Key take-aways from a blockchain implementation include interoperability, trustless data sharing, transparency and decentralized/democratic ownership. But can enterprise blockchains eliminate the data silo? Not without help.
While opening up a repository directly to relevant stakeholders brings immense benefits from deeper analytics to trusted data sharing, there are real issues that must be addressed in order for enterprise blockchain to make a widespread impact:
- Security, Compliance and Privacy: Not everything should be completely public and immutable.
- Data Management: Blockchains today are transaction-oriented and have little place for that pesky metadata.
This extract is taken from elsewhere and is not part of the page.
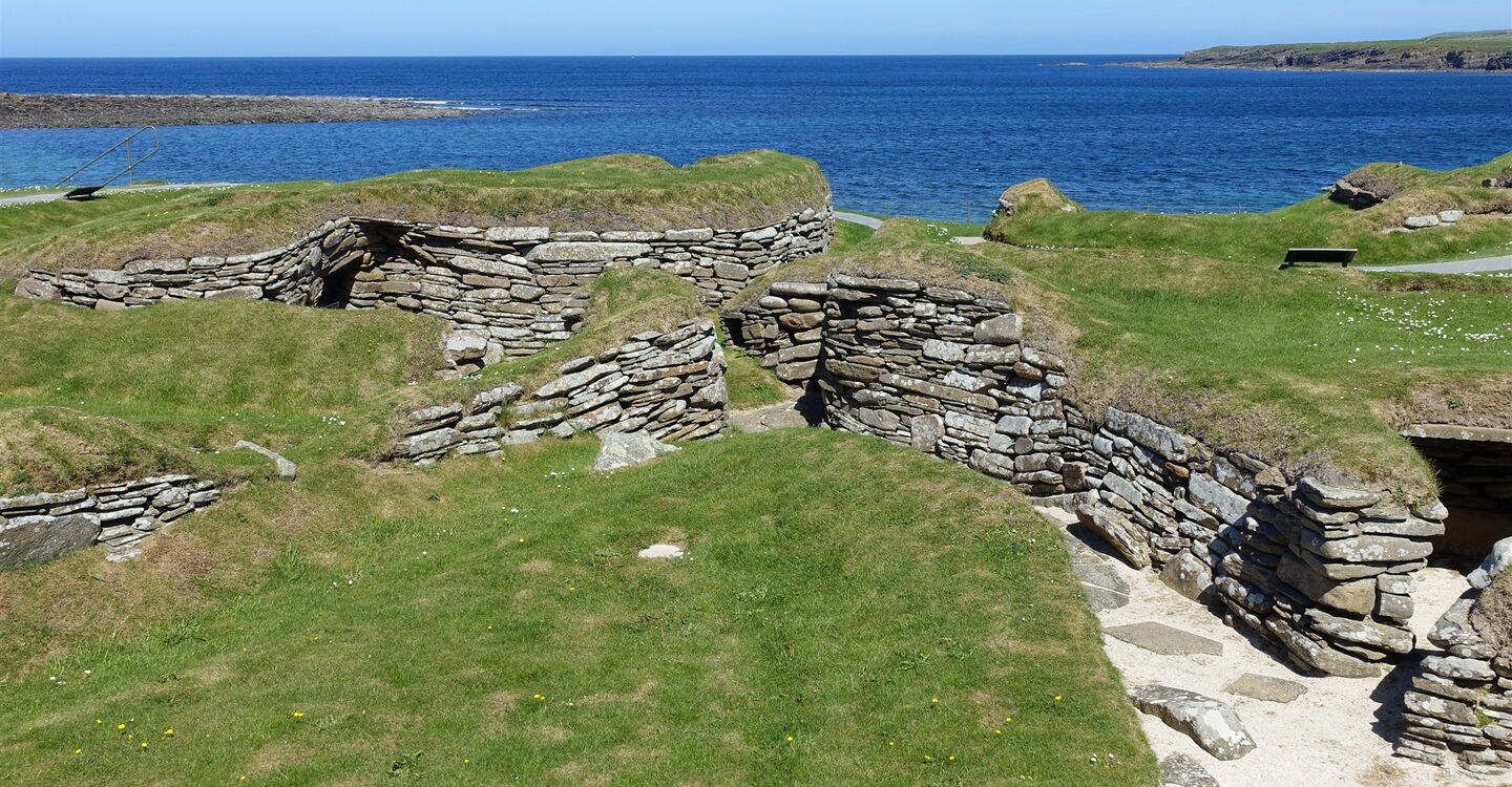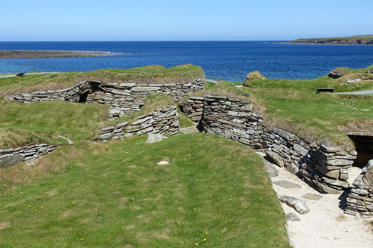 Nachdem wir mit dem Bus von Stromness nach 01 Skara Brae (17 m) gefahren sind, gibt es die Möglichkeit, die jungsteinzeitliche Siedlung Skara Brae aus der Zeit zwischen 3100 und 2500 v. Chr. zu besuchen. Öffnungszeiten: 1. April bis 30. September 9:30–17:30 und 1. Oktober bis 31. März 10:00–16:00. Nur 200 m von den Ausgrabungen entfernt befindet sich das schönste Herrenhaus auf den Orkney-Inseln. 1620 ließ Bischof George Graham das Skaill House bauen; in seiner 400-jährigen Geschichte wurde es kontinuierlich erweitert. Das Haus war auch die Heimat von William Graham Watt, 7. Laird of Breckness, der 1850 das weltberühmte neolithische Dorf Skara Brae ausgegraben hat. Den Besucher erwartet ein Familienhaus aus den 1950er-Jahren mit Exponaten, die die Familie seit dem 17. Jahrhundert gesammelt hat.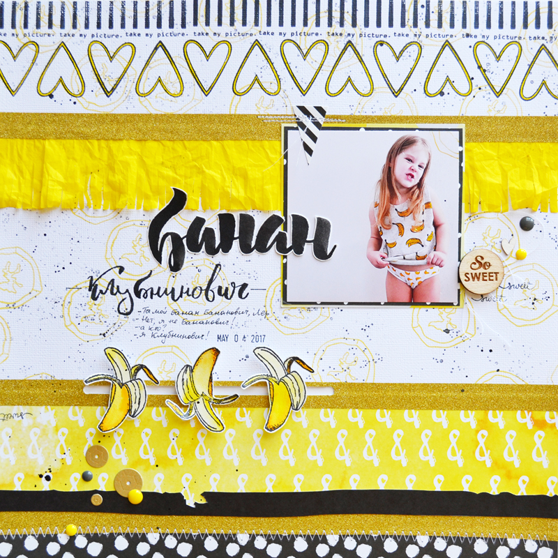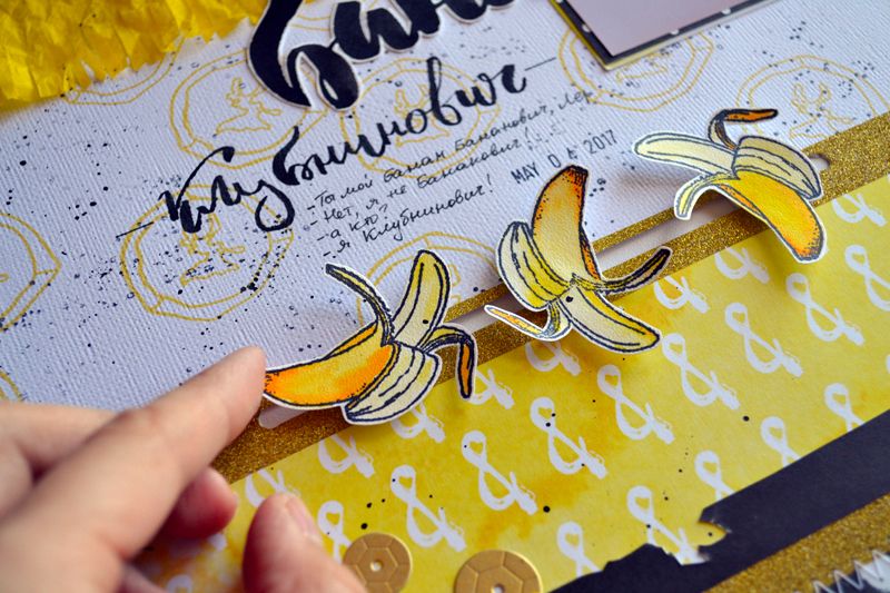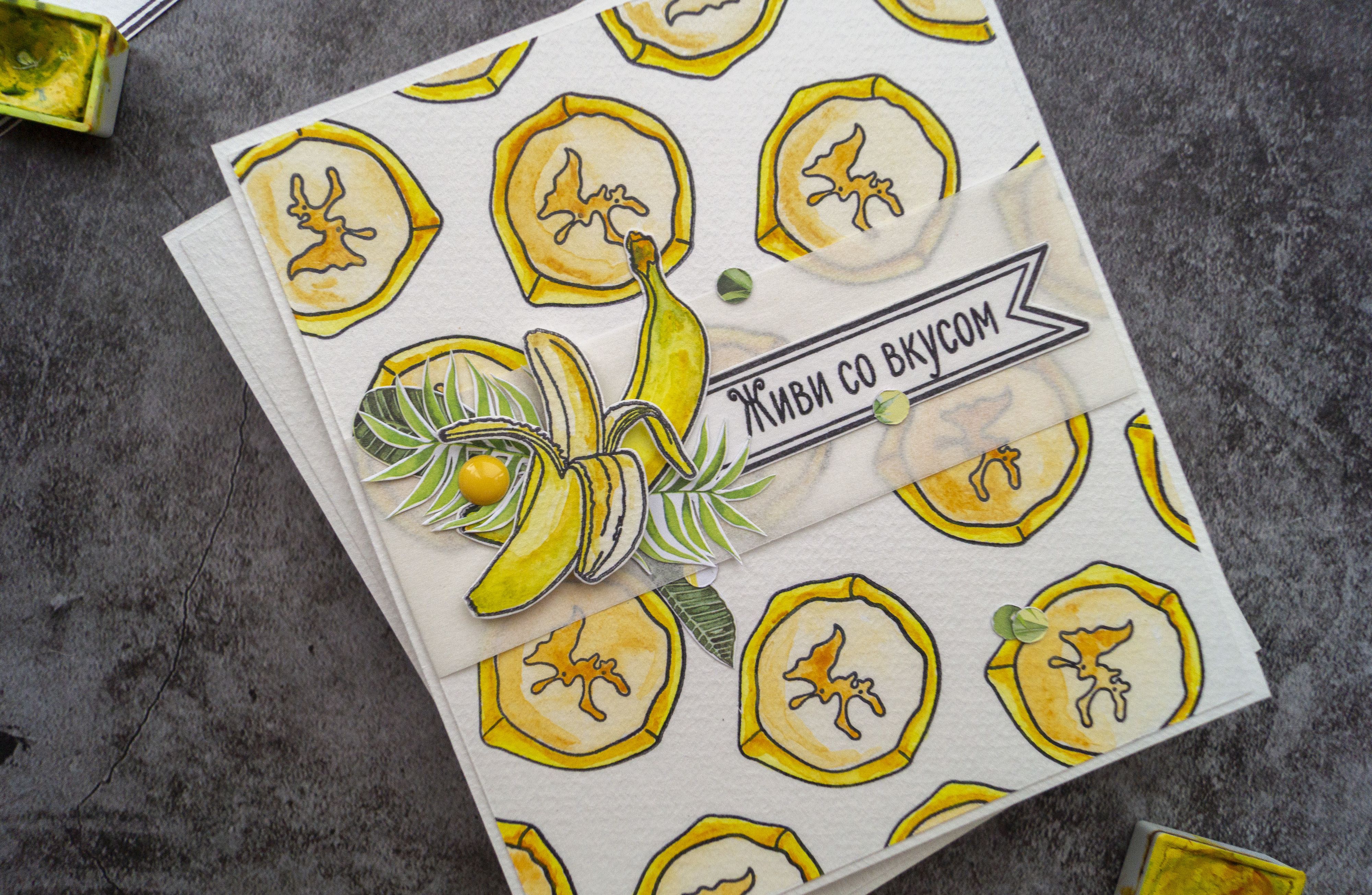 Штамп с бананами для раскрашивания открыток в стиле CAS и других работ в скрапбукинге.

In the enterprise, data and metadata management is a central component for most applications and workflows. Blockchains are rigid forms of schemas — many of which are completely unchangeable due to their immutability. Data mechanisms must evolve to accommodate highly variable user rates.
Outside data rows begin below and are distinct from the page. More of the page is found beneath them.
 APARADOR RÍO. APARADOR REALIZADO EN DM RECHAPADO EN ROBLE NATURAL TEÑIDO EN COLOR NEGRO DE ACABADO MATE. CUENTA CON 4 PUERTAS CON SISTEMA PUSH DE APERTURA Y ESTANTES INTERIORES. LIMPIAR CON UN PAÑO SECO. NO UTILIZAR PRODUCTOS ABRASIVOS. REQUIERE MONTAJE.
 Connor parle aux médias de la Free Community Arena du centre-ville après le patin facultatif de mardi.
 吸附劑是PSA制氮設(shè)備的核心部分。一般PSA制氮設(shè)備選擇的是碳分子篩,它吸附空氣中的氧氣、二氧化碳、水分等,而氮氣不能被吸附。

- Standards: In order to efficiently share and collaborate around data in a wide and complex ecosystem, data needs to be formatted consistently.
- Application Centric Versus Data Centric: Stuck in an application-centric world, data sharing, security and other mechanisms of Data Management are tackled by way of APIs and other application features.
The Path Forward
Today, we tend to build around the problem of data silos with incremental changes, adding massive data lakes to consolidate repositories, and deploying webs of APIs to manipulate data back into a usable asset.
The path forward in disbanding data silos involves making the innovations directly at the data tier — changing how data is managed and challenging its current infrastructure. Adopting a forward-thinking approach to Data Governance and Data Management is a resource-saving practice for every company — and it starts with the right approach and tools. Consolidation efforts are helpful for combining legacy data, but companies looking to build a sustainable, scalable Data Management model need to build from the ground up — with data shareability in mind.